Ovidio, Metamorfosis 12.210-225 (texto latino)

★★★ **Las dos ramas de Ixión se sientan a la misma mesa.** De un lado el hijo que tuvo de mujer; del otro los que nacieron de la nube con la forma de Hera. La boda acaba en una carnicería que Ovidio compara con el saqueo de una ciudad.

★★ **Y el crimen se repite exactamente.** Ixión fue condenado por intentar forzar a la mujer del anfitrión; el Centauro Éurito, invitado de su hijo, agarra a la novia por los cabellos en plena fiesta. La ofensa que fundó la familia es la misma que la deshace.

★★ Para los Centauros, el crimen del padre es el blasón

A mitad de la batalla, un Centauro intenta avergonzar a los compañeros que están perdiendo. El argumento que elige es la genealogía.

«¿De qué sirven los miembros descomunales? ¿De qué sirven las fuerzas gemelas, y el hecho de que la naturaleza doble haya juntado en nosotros a los más fuertes de los seres? No creo que hayamos nacido de madre diosa, ni nacidos de Ixión, que era tan grande que concibió esperanza de la alta Juno: ¡somos vencidos por un enemigo medio hombre! ¡Arrojad encima piedras y vigas y montes enteros, y aplastad con bosques lanzados el alma que resiste!»

Ovidio, Metamorfosis 12.500-510 (texto latino)

★★★ **«Ixión, que era tan grande que concibió esperanza de la alta Juno.»** En boca de los hijos, lo que Zeus castigó como sacrilegio se vuelve medida de grandeza. No niegan el crimen: lo usan como prueba de linaje, y se avergüenzan de no estar a su altura.

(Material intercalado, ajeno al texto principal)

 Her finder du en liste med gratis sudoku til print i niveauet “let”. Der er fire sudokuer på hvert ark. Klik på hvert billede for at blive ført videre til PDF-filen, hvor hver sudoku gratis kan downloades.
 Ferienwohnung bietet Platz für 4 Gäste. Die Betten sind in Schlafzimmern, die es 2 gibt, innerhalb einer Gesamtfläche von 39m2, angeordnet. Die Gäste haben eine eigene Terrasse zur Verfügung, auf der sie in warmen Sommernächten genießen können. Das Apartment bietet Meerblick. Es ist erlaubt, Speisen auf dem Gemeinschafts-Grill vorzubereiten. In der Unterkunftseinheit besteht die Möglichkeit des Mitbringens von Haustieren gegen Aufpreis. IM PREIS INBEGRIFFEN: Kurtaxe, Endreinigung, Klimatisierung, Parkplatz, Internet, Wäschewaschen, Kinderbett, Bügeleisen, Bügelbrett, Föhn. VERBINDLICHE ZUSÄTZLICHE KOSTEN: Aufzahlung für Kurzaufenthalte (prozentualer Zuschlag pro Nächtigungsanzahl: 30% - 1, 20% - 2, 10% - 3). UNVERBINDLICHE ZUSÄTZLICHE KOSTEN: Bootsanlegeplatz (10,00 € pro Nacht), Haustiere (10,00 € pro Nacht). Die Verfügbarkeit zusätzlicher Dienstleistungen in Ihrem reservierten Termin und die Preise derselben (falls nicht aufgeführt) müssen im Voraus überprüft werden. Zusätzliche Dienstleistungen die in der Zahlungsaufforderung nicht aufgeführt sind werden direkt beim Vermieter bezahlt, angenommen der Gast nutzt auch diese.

⚠ El Centauro se equivoca sobre la madre — no hubo diosa alguna, hubo una nube con su forma. La familia entera cree en una genealogía que Zeus fabricó para atraparlos.

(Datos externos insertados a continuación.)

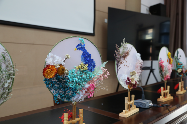 活动现场,工作人员向大家介绍了团扇的传统文化背景,详细为大家介绍了团扇制作的具体过程,讲解干花粘贴的技巧及方法,用提前准备的干花和空白团扇,结合自己的创意,制作一把春意十足,春花摇曳的团扇。在工作人员的指导下,大家互相交流、互相观摩,充分发挥想象力、创造力,添加了自己特别的创意,形成了独一无二的作品。
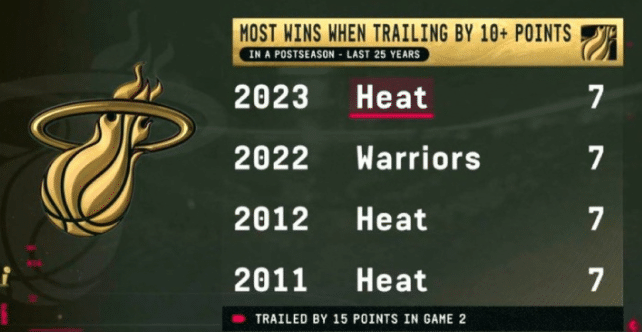 热火一度落后15分逆转,他们本赛季NBA季后赛第7次逆转10+,并列近25年最多;
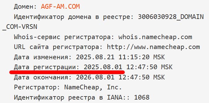 По данным проверки домен брокера agf am com зарегистрирован в начале августа, хотя компания заявляет о большом опыте работы.
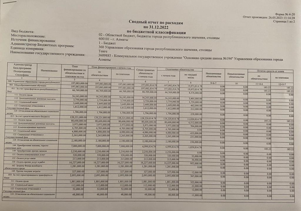 Шығыс бойынша есеп » КГУ «Общеобразовательная школа №194 » Управления образования г.Алматы
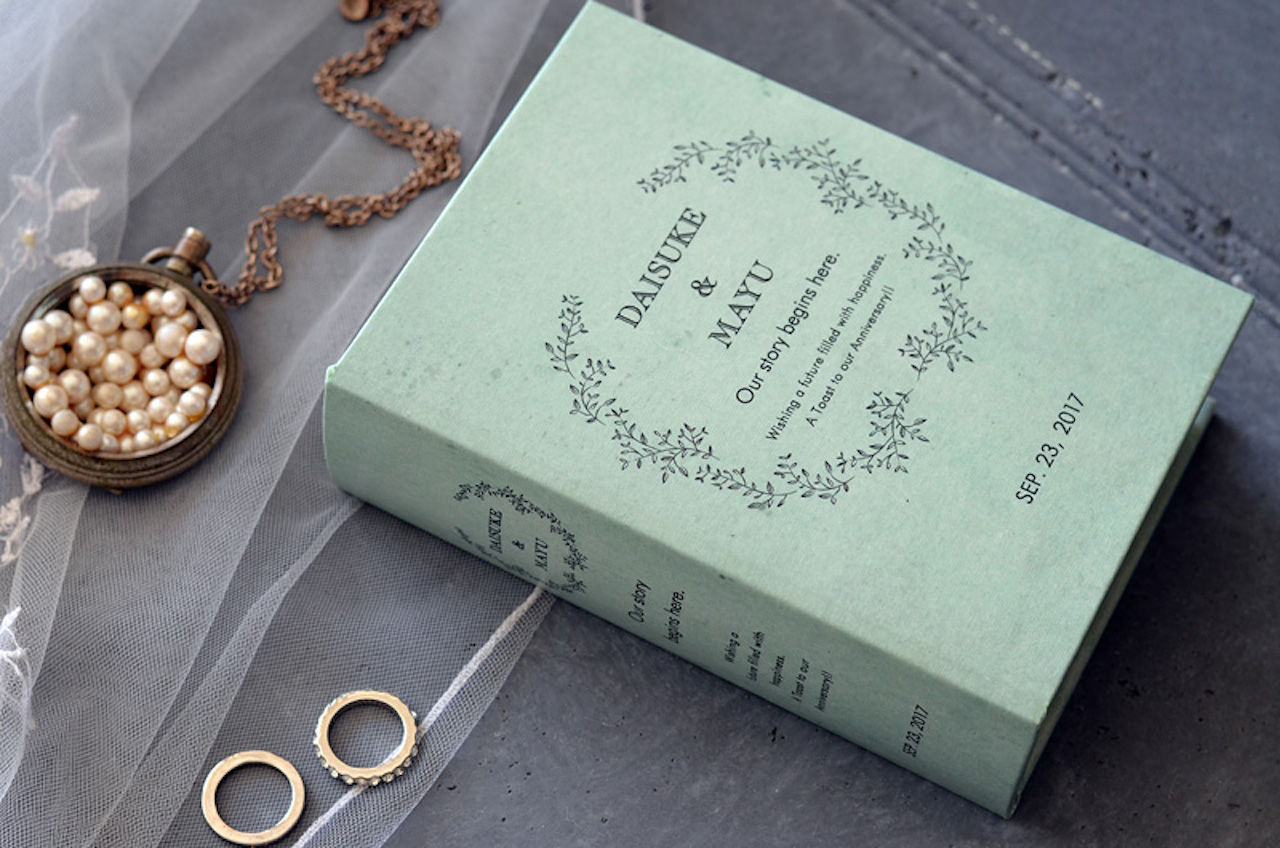 名入れブックボックスのリングピローと結婚証明書 - 人気のグリーン
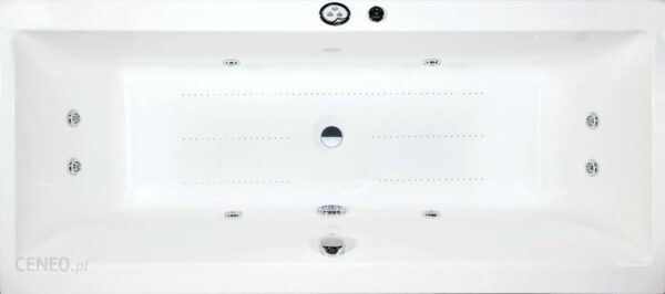 – Wymiary: 180 x 80 cm- Wysokość: 60 cm- Pojemność: 270 lSystem 3 masaż wodny i powietrznyMasaż wodny:- dysze wirujące na plecy- dysze wirujące na stopy- dysze boczne z mozliwością ustawienia kierunku strumienia wody- niezależna regulacja natężenia masażu pleców oraz masażu boków i stóp poprzez napowietrzanie- czujnik poziomu wody- zabezpieczenie przed pracą pompy bez obecności wody- odprowadzeni wody z systemu masażu wodnego, po kąpieliZaprogramowany czas kąpieli: 20minMasaż powietrzny:- dmuchawa powietrza z grzałką (300W)- odprowadzenie po kąpieli wody z systemu masażu powietrznego- automatyczn eosuszanie ciepłym powietrzem systemu powietrznego po kąpieliZaprogramowany czas kąpieli: 20min
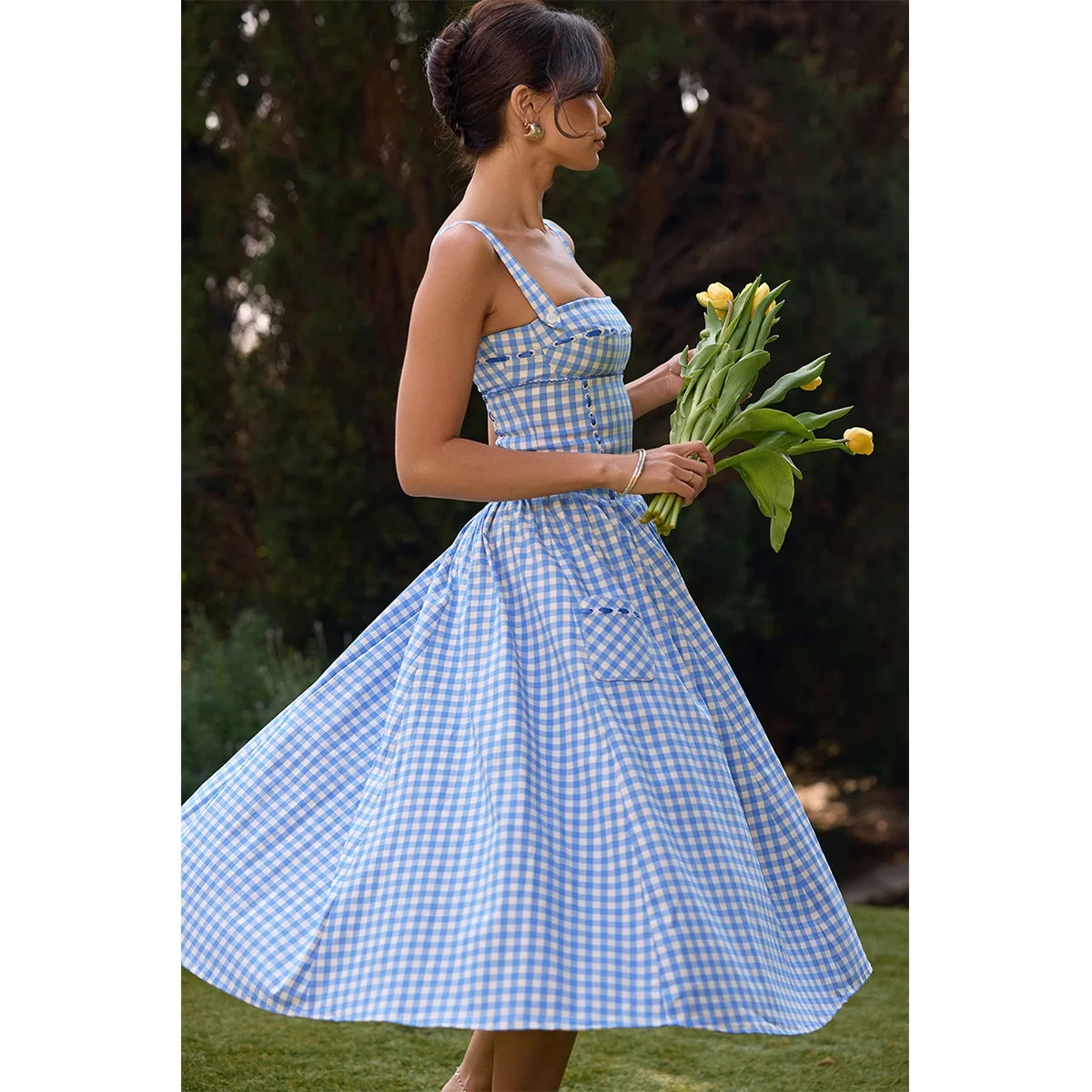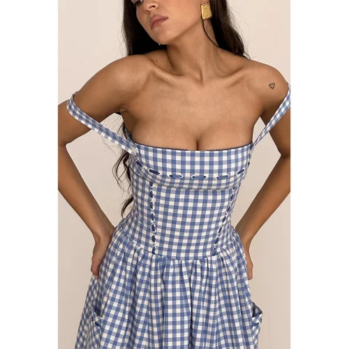 Product Name: Casual Dresses Women’s Clothing Elegant Casual Pocketed Sleeveless Plaid Midi Sundress

⚠ Lo que esta página no puede probar

⚠ **El crimen original no está en ninguna de las nueve obras citadas aquí.** Esquilo lo llama «el que primero derramó sangre» y no cuenta el qué; Apolodoro empieza la historia ya en el Olimpo. La versión en que Ixión mata a su suegro para no pagar la dote viene de fuentes que este corpus no tiene.

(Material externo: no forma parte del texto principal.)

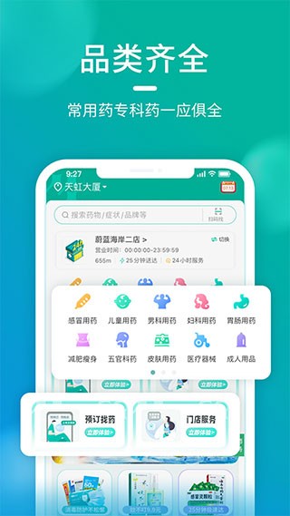 【便捷查找方式】:通过搜索栏输入药品名称或疾病症状来查询相应药品的信息与图片描述,也可根据分类迅速定位所需药品并可选购。
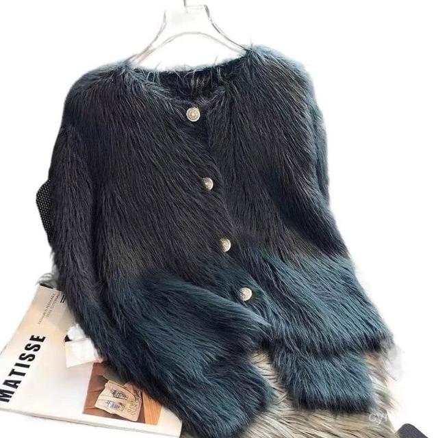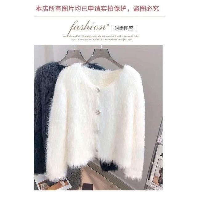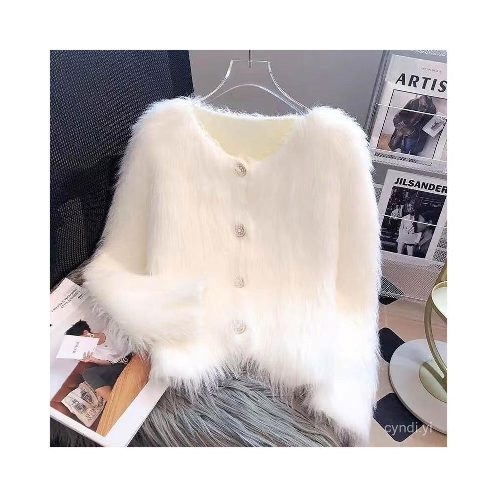 冬季水貂毛外套女 仿水貂絨針織開衫毛衣外套女秋冬裝加厚25新款短版歐貨軟糯 皮草外套 毛絨外套1011
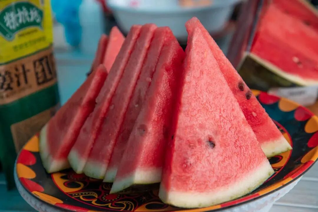 最后少不了的是一块甘甜爽口的西瓜🍉 ,风靡全国的晒沙瓜号称是“在石头缝里长大的西瓜”,这个产自中卫荒漠化地区的“戈壁西瓜”,肉质紧密,沙脆而不腻,味甜如蜜。
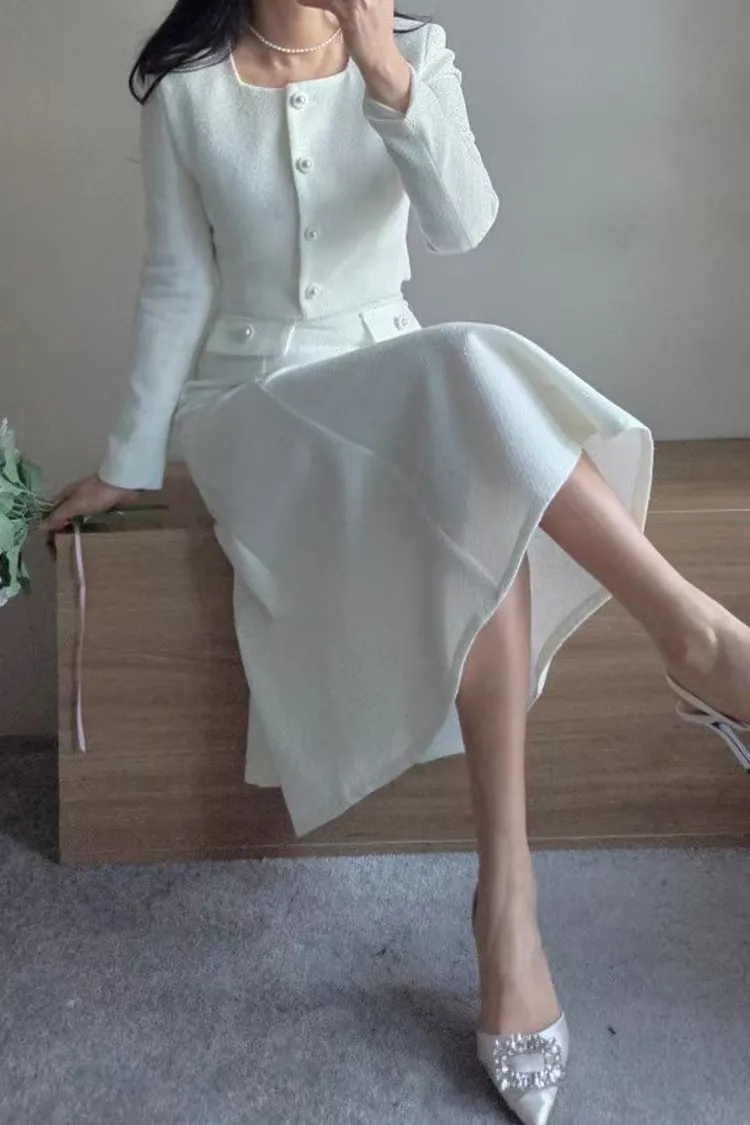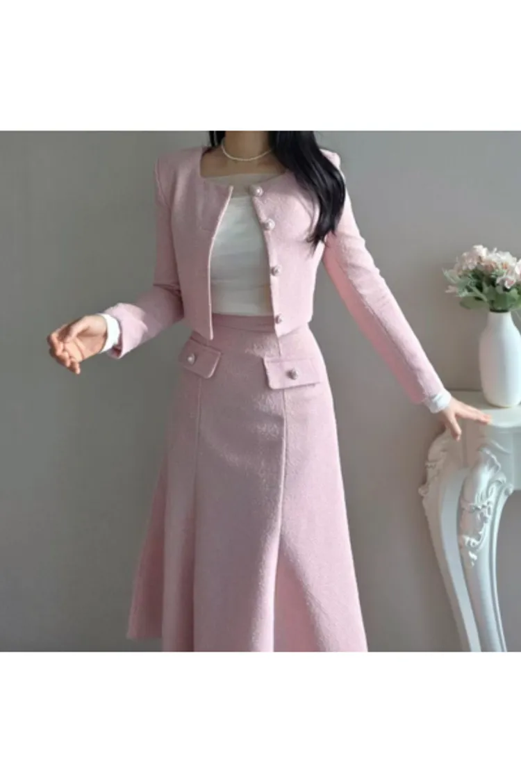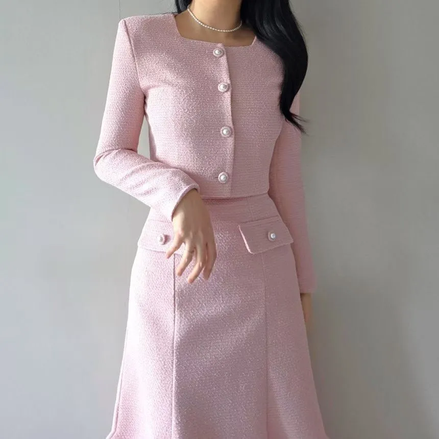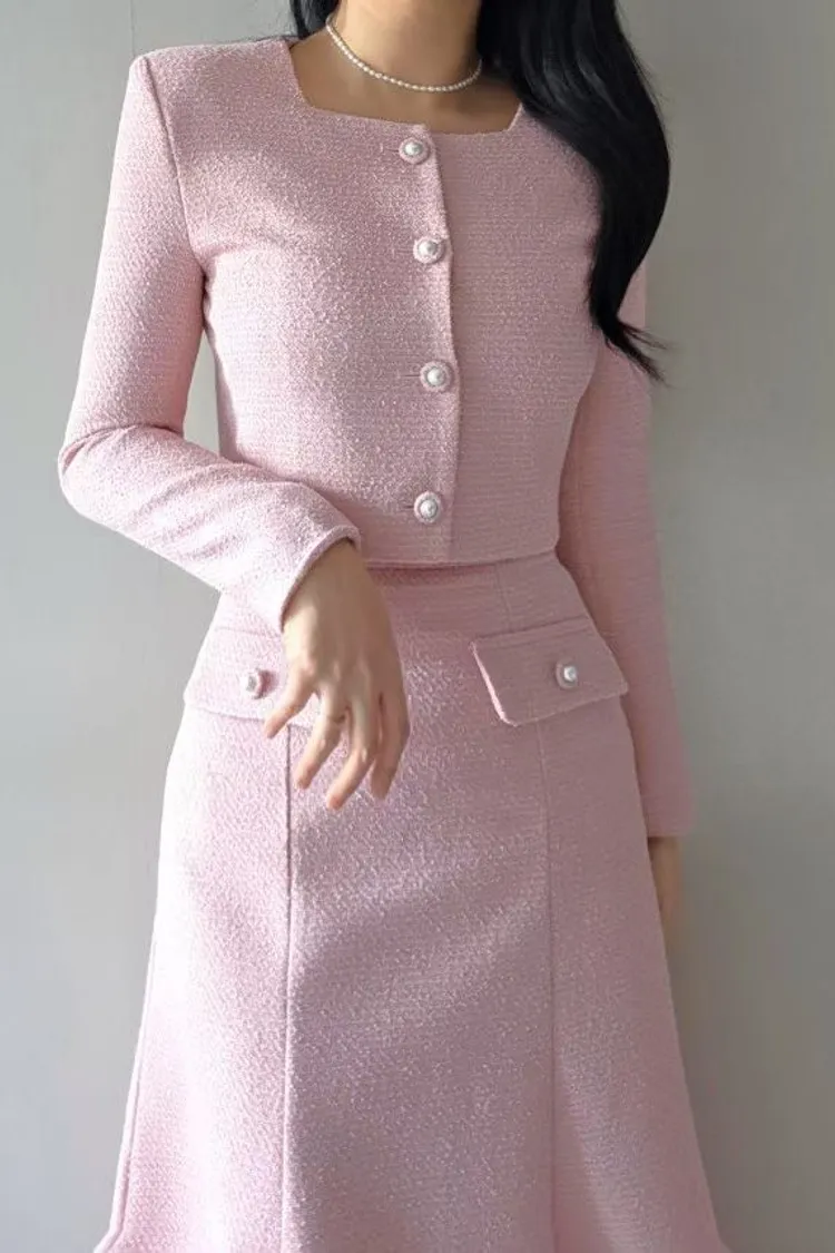 棉+聚酯 珍珠釦 小香風典雅面料 細閃銀絲線 短版好比例 珍珠釦

⚠ **La purificación por Zeus se afirma, no se narra.** Lo que existe es la pregunta de Apolo — «cuando Ixión, el que primero derramó sangre, fue suplicante?» — dicha en un tribunal, para ganar una causa.

⚠ **La paternidad de Pirítoo cambia.** Homero lo hace hijo de Zeus con la mujer de Ixión; Apolodoro lo llama «Pirítoo, hijo de Ixión». Las dos versiones están en el corpus.

⚠ **La rueda no se describe igual dos veces.** Apolodoro dice que los vientos la giran por el aire; Virgilio añade serpientes retorcidas y la llama descomunal; Eurípides habla de cadenas. Ninguna de las fuentes describe el mecanismo.

⚠ **El nombre del hijo de la nube es «Centauro», en singular.** Apolodoro escribe que la nube «dio a luz a Centauro»; el pasaje que explica cómo ese hijo único engendró la raza entera no está en este texto.

⚠ **El eslabón entre Centauro, el hijo único de la nube, y los Centauros que Ovidio pone en la boda no está escrito en ninguna parte de estas obras.** Apolodoro nombra a uno; Ovidio cuenta decenas. El pasaje que los une no está en este corpus.